The last example is for a loosely coupled genomic analysis in which an analysis job can run on multiple different instances with similar memory per cores requirement (for example, 4 GB of memory per vCPU). By using multiple instances such as m5.2xlarge, m5.4xlarge, m5.8xlarge instance types, with a similar memory/core requirement, we can take advantage of the larger pool of instances for our analysis.

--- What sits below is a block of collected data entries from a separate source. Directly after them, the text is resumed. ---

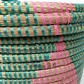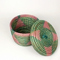 セネガル 筒型ふた付きかご 緑xピンク 小
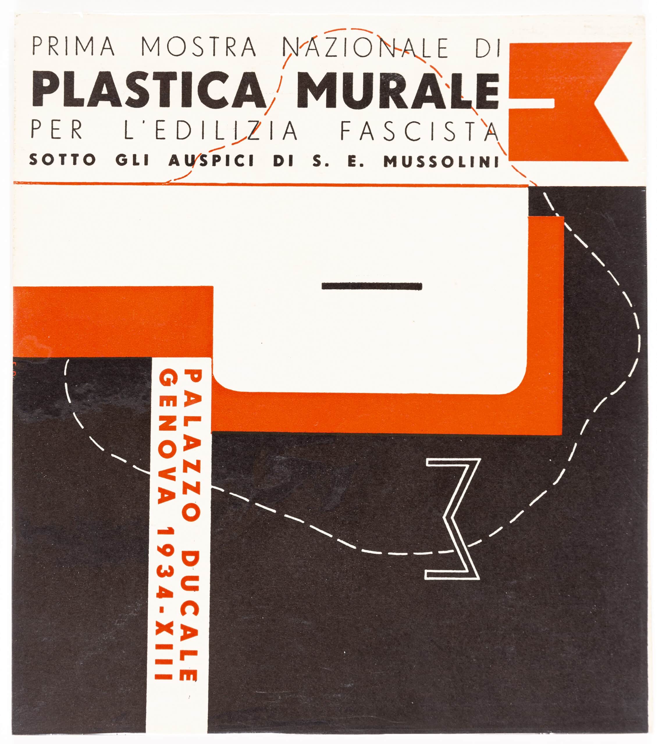 Exhibition catalogue of the Prima Mostra Nazionale di Plastica Murale per l’edilizia Fascista (first national exhibition of mural arts for fascist construction), which was held in the November and December of 1934 at the Palazzo Ducale in Genova. It opens with a text by Filippo Tommaso Marinetti titled Plastica murale e fascismo ispiratore (wall arts and inspiring fascism), followed by images of artworks, graphics, and the show’s exhibition spaces. It was a commercial publication, made evident through the adverts which feature in the back pages.
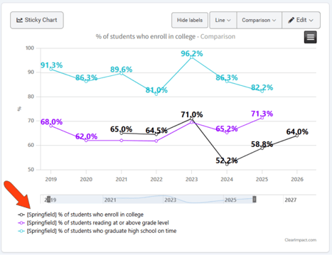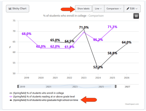 You can Hide Labels or Show Labels, and turn off one or more data sets by toggling the visibility icons in the graph key.
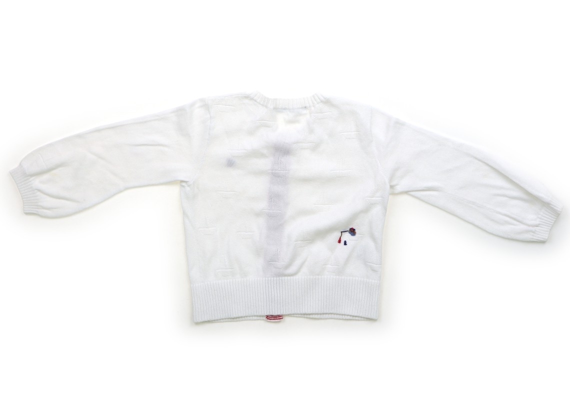 前身頃、両袖に薄いですが、茶色いシミが複数あります。左の二の腕に黒い汚れあり。全体的にやや型崩れあり。外遊びや洗い替え用にいかがでしょうか?

Let’s say we want to run 1,000 analyses. Each analysis requires one vCPU with 4 GB of memory. A config file can look like the following, with 45 m5.2xlarge, 20 m5.4xlarge, and 10 m5.8xlarge to get you a combination of 1,000 vCPU.

[queue analysis]
compute_resource_settings = m5.2xlarge,m5.4xlarge,m5.8xlarge
compute_type = ondemand

[compute_resource m5.2xlarge]
instance_type = m5.2xlarge
min_count = 0
max_count = 45

[compute_resource m5.4xlarge]
instance_type = m5.4xlarge
min_count = 0
max_count = 20  

[compute_resource m5.8xlarge]
instance_type = m5.8xlarge
min_count = 0
max_count = 10

After creating a new cluster with this configuration, and logging in to the cluster as before, we can specify the instance type for each stage in the workflow by using the --constraint flag along with the sbatch command:

sbatch --constraint=c5.2xlarge <workflow 1 script>
sbatch --constraint=r5.8xlarge <workflow 2 script>

Updating an existing cluster

Although these new features can add significant flexibility to our cluster, we find that we may want to create additional queues, add instance types, or modify existing queues and instance types after we have created our cluster. As is true with previous versions of AWS ParallelCluster, to update an existing, running cluster, we can use the pcluster update command after modifying our configuration file:

pcluster update -c <new_config_file> <cluster_name>

Using this command, we could update a cluster using the first sample configuration file to the second one. With this additional functionality, adding flexibility to our HPC clusters and switching between the over 300 instance types available on AWS is possible.

Conclusion

In this post, we have demonstrated how to use some of the newest features available inside AWS ParallelCluster’s latest 2.9 release to enable more complex and varied HPC workflows. We highlighted new settings that make it possible for users to specify multiple job queues in addition to multiple instance types from within a single cluster. We also demonstrated how this can make running Amazon EC2 Spot Instances for interruptible workloads alongside Amazon EC2 On-Demand Instances possible. Finally, we highlighted how to specify more than one instance type in cases in which there may be multiple types of workloads running or multiple stages in the HPC workflows.

With this additional functionality, orchestrating and running more complex HPC workflows on AWS using AWS ParallelCluster and the breadth and depth of instance types available with Amazon EC2 is easier than ever.